**Work instructions:** Copy each entry below verbatim. Skip the pictures.

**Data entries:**
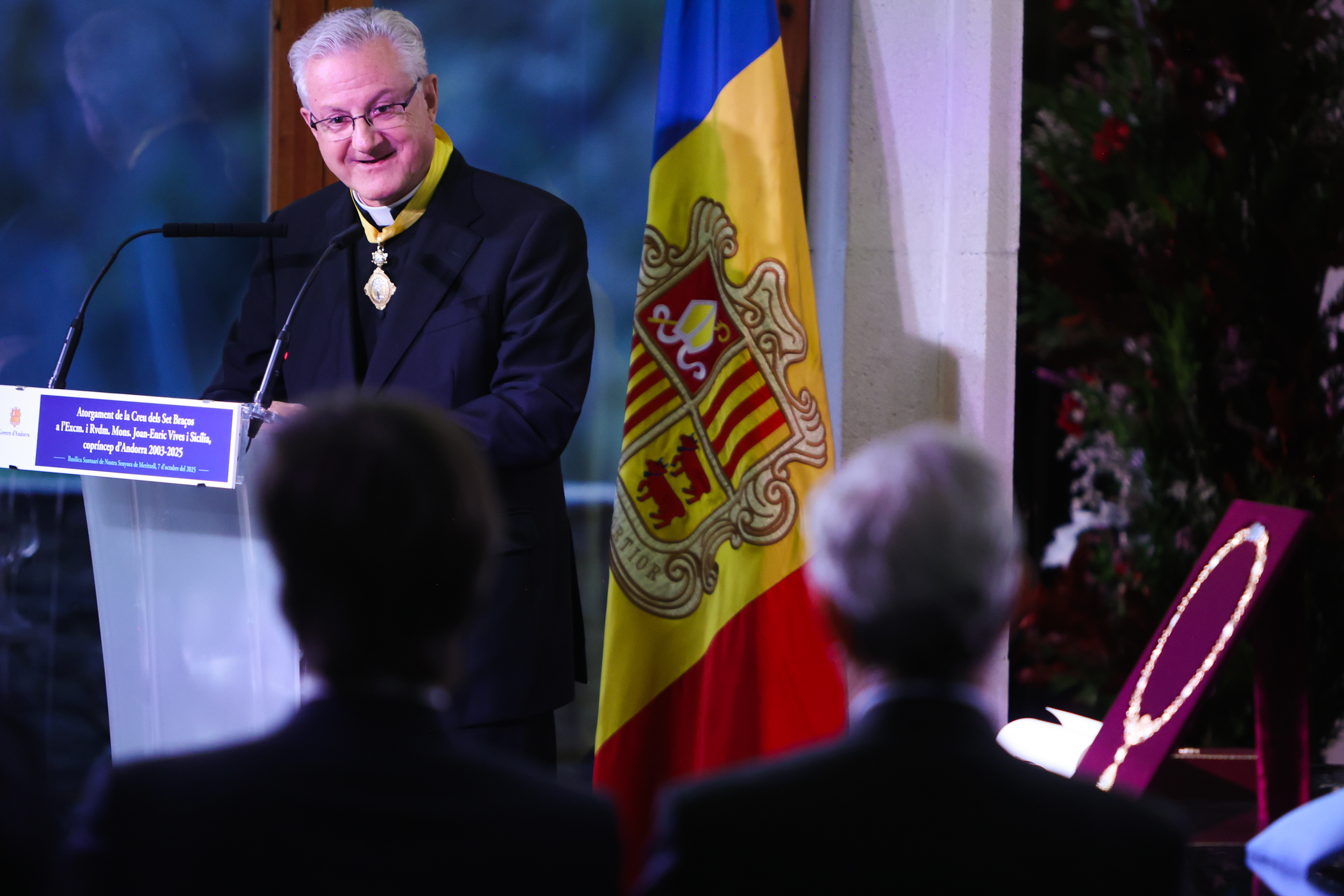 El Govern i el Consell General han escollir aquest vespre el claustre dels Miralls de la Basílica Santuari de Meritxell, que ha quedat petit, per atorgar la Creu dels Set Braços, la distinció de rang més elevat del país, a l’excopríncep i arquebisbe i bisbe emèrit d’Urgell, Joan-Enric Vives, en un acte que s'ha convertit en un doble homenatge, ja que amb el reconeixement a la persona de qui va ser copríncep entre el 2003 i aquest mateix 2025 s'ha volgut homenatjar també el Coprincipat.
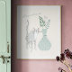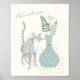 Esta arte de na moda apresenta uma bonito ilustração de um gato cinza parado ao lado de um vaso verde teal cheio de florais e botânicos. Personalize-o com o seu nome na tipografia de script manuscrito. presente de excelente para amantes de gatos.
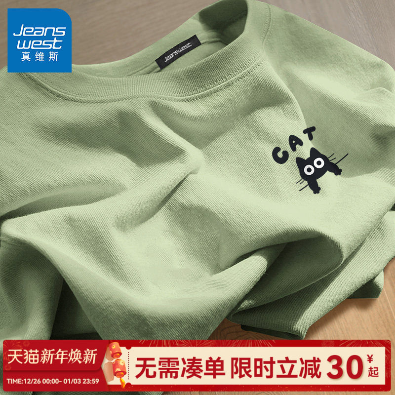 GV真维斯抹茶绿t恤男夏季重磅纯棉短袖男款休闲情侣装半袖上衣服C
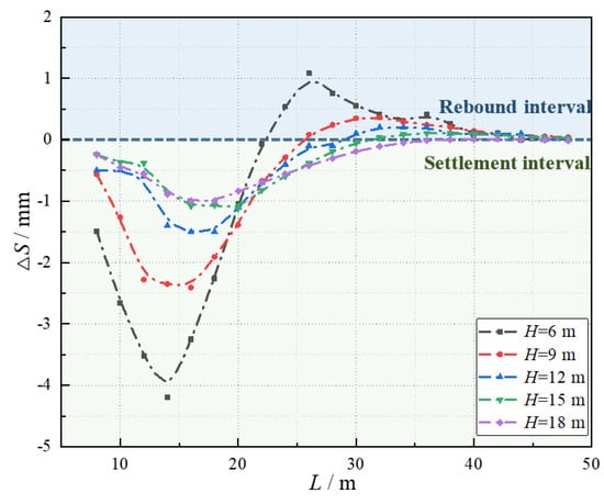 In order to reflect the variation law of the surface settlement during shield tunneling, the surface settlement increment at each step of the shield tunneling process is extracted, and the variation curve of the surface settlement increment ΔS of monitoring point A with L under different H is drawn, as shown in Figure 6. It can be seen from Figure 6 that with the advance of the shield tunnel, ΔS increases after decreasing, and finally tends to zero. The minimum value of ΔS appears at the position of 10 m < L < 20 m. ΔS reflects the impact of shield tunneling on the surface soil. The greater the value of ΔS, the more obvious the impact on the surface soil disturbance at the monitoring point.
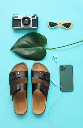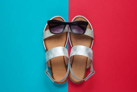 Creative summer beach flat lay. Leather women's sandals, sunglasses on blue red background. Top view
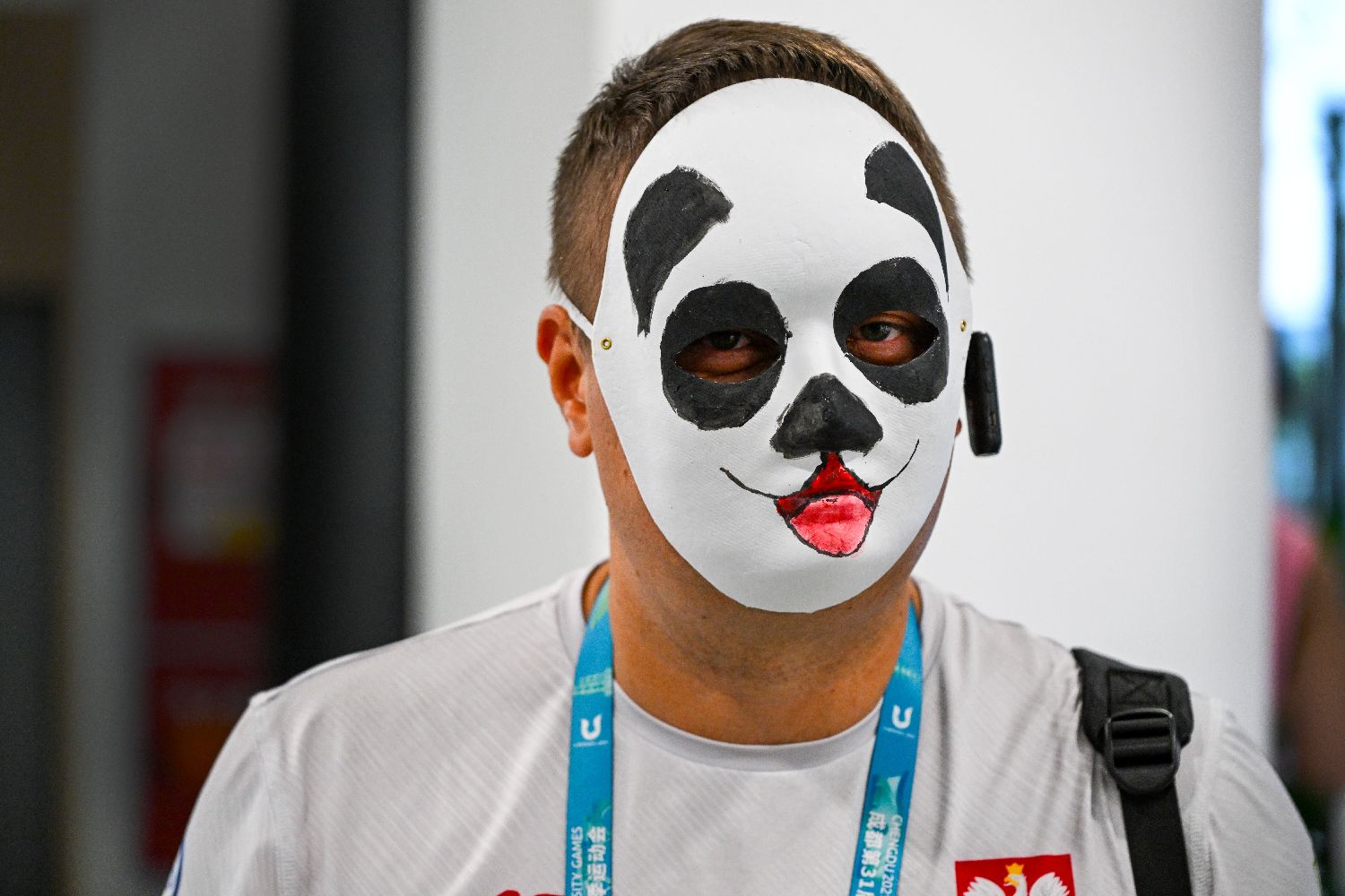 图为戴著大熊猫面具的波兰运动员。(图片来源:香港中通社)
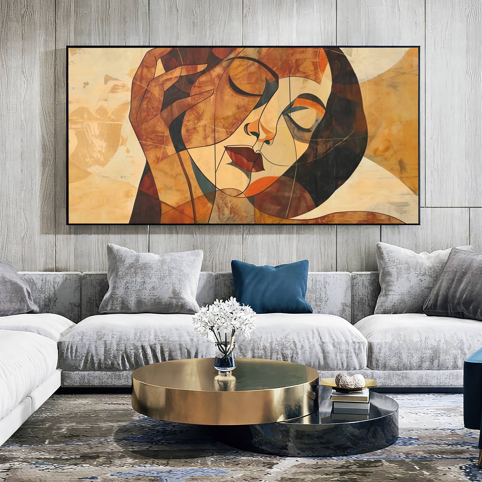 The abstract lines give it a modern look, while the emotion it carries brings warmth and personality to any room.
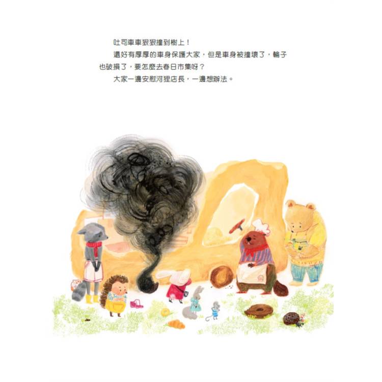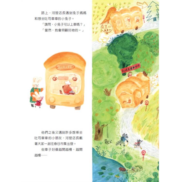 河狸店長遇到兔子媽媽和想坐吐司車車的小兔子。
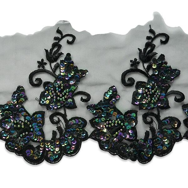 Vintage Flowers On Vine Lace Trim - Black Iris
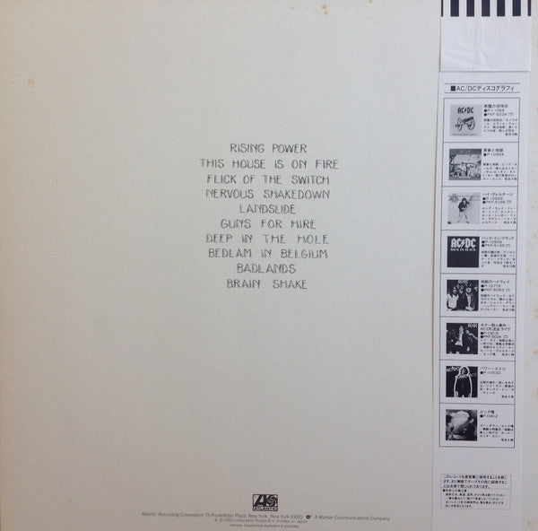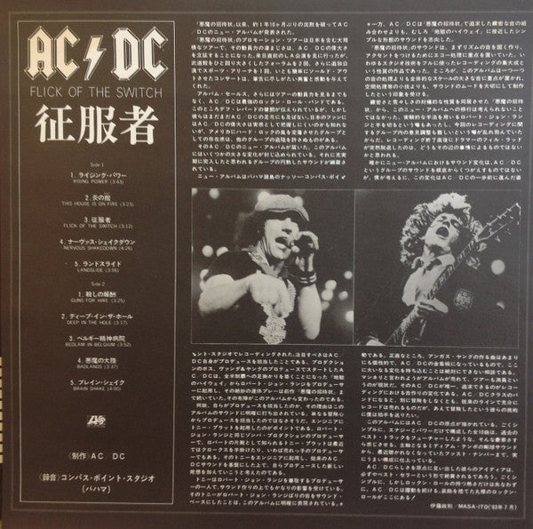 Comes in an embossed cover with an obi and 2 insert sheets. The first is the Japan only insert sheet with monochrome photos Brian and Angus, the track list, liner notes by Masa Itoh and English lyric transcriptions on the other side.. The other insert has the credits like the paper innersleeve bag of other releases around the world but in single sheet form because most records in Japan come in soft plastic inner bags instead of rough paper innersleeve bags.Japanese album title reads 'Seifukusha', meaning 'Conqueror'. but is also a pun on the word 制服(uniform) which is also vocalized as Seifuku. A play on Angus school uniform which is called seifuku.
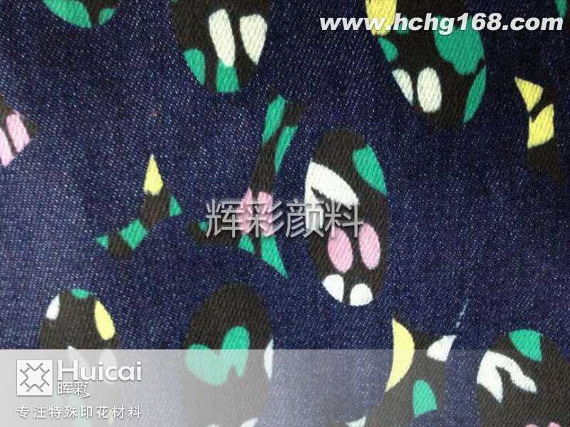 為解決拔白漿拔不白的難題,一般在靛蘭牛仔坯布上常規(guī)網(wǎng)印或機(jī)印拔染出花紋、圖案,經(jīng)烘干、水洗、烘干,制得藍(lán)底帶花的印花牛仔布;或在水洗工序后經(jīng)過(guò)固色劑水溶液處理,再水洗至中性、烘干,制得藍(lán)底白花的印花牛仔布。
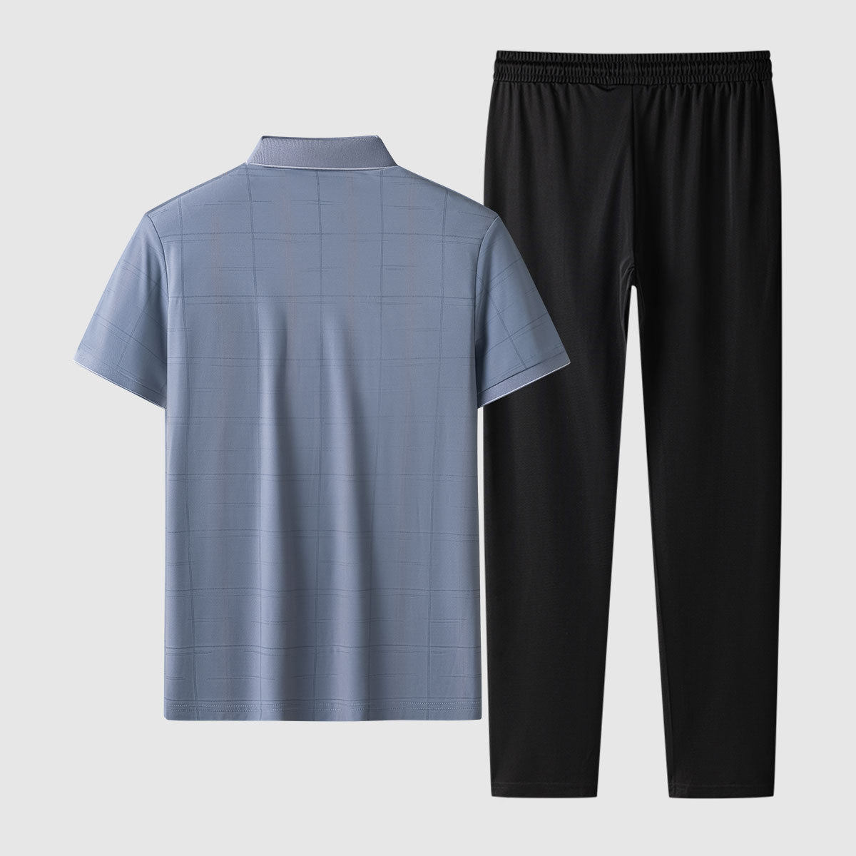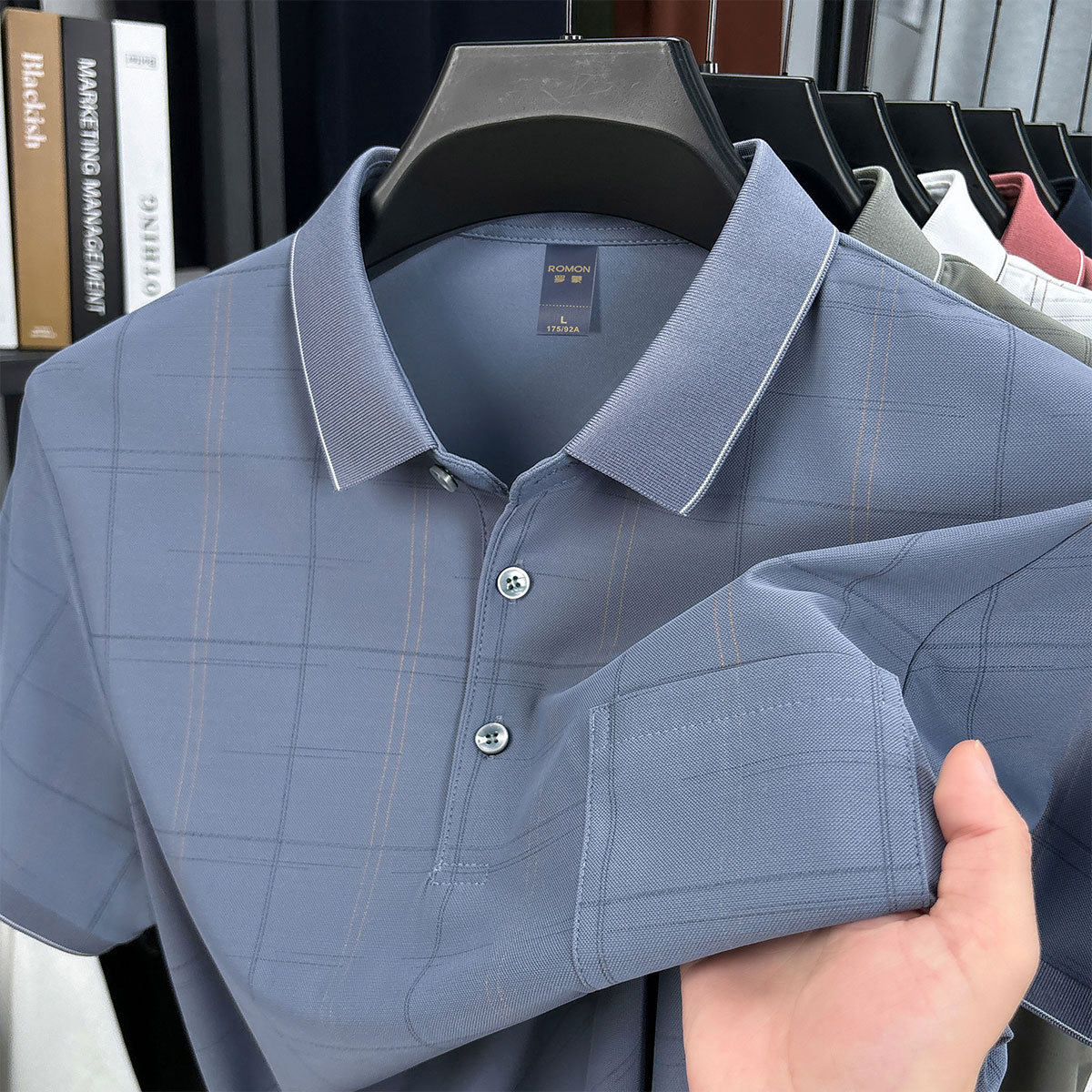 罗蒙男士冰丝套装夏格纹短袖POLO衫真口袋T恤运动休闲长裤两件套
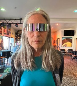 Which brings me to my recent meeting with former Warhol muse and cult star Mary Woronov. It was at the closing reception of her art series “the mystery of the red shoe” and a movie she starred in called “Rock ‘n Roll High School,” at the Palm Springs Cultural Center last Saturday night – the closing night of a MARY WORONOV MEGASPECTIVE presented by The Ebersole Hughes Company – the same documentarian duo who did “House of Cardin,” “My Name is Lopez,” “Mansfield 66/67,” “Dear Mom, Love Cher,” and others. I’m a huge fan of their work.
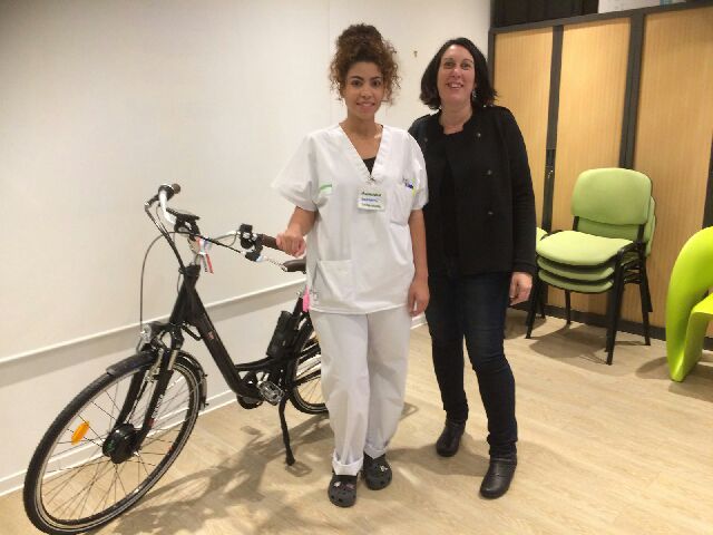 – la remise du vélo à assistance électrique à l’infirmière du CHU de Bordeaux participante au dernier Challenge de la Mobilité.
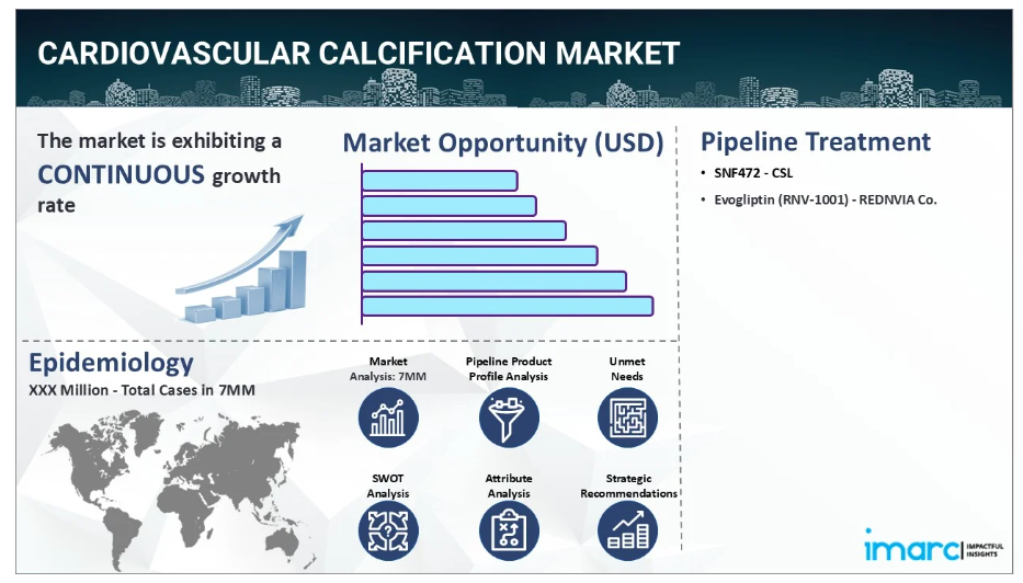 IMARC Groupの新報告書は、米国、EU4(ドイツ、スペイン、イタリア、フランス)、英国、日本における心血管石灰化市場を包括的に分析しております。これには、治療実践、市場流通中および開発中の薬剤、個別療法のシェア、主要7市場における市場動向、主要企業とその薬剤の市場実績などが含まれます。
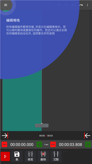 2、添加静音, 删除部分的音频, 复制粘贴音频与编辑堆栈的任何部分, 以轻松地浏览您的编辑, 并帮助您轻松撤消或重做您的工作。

**Output for this exercise:**
 El Govern i el Consell General han escollir aquest vespre el claustre dels Miralls de la Basílica Santuari de Meritxell, que ha quedat petit, per atorgar la Creu dels Set Braços, la distinció de rang més elevat del país, a l’excopríncep i arquebisbe i bisbe emèrit d’Urgell, Joan-Enric Vives, en un acte que s'ha convertit en un doble homenatge, ja que amb el reconeixement a la persona de qui va ser copríncep entre el 2003 i aquest mateix 2025 s'ha volgut homenatjar també el Coprincipat.
 Esta arte de na moda apresenta uma bonito ilustração de um gato cinza parado ao lado de um vaso verde teal cheio de florais e botânicos. Personalize-o com o seu nome na tipografia de script manuscrito. presente de excelente para amantes de gatos.
 GV真维斯抹茶绿t恤男夏季重磅纯棉短袖男款休闲情侣装半袖上衣服C
 In order to reflect the variation law of the surface settlement during shield tunneling, the surface settlement increment at each step of the shield tunneling process is extracted, and the variation curve of the surface settlement increment ΔS of monitoring point A with L under different H is drawn, as shown in Figure 6. It can be seen from Figure 6 that with the advance of the shield tunnel, ΔS increases after decreasing, and finally tends to zero. The minimum value of ΔS appears at the position of 10 m < L < 20 m. ΔS reflects the impact of shield tunneling on the surface soil. The greater the value of ΔS, the more obvious the impact on the surface soil disturbance at the monitoring point.
 Creative summer beach flat lay. Leather women's sandals, sunglasses on blue red background. Top view
 图为戴著大熊猫面具的波兰运动员。(图片来源:香港中通社)
 The abstract lines give it a modern look, while the emotion it carries brings warmth and personality to any room.
 河狸店長遇到兔子媽媽和想坐吐司車車的小兔子。
 Vintage Flowers On Vine Lace Trim - Black Iris
 Comes in an embossed cover with an obi and 2 insert sheets. The first is the Japan only insert sheet with monochrome photos Brian and Angus, the track list, liner notes by Masa Itoh and English lyric transcriptions on the other side.. The other insert has the credits like the paper innersleeve bag of other releases around the world but in single sheet form because most records in Japan come in soft plastic inner bags instead of rough paper innersleeve bags.Japanese album title reads 'Seifukusha', meaning 'Conqueror'. but is also a pun on the word 制服(uniform) which is also vocalized as Seifuku. A play on Angus school uniform which is called seifuku.
 為解決拔白漿拔不白的難題,一般在靛蘭牛仔坯布上常規(guī)網(wǎng)印或機(jī)印拔染出花紋、圖案,經(jīng)烘干、水洗、烘干,制得藍(lán)底帶花的印花牛仔布;或在水洗工序后經(jīng)過(guò)固色劑水溶液處理,再水洗至中性、烘干,制得藍(lán)底白花的印花牛仔布。
 罗蒙男士冰丝套装夏格纹短袖POLO衫真口袋T恤运动休闲长裤两件套
 Which brings me to my recent meeting with former Warhol muse and cult star Mary Woronov. It was at the closing reception of her art series “the mystery of the red shoe” and a movie she starred in called “Rock ‘n Roll High School,” at the Palm Springs Cultural Center last Saturday night – the closing night of a MARY WORONOV MEGASPECTIVE presented by The Ebersole Hughes Company – the same documentarian duo who did “House of Cardin,” “My Name is Lopez,” “Mansfield 66/67,” “Dear Mom, Love Cher,” and others. I’m a huge fan of their work.
 – la remise du vélo à assistance électrique à l’infirmière du CHU de Bordeaux participante au dernier Challenge de la Mobilité.
 IMARC Groupの新報告書は、米国、EU4(ドイツ、スペイン、イタリア、フランス)、英国、日本における心血管石灰化市場を包括的に分析しております。これには、治療実践、市場流通中および開発中の薬剤、個別療法のシェア、主要7市場における市場動向、主要企業とその薬剤の市場実績などが含まれます。
 2、添加静音, 删除部分的音频, 复制粘贴音频与编辑堆栈的任何部分, 以轻松地浏览您的编辑, 并帮助您轻松撤消或重做您的工作。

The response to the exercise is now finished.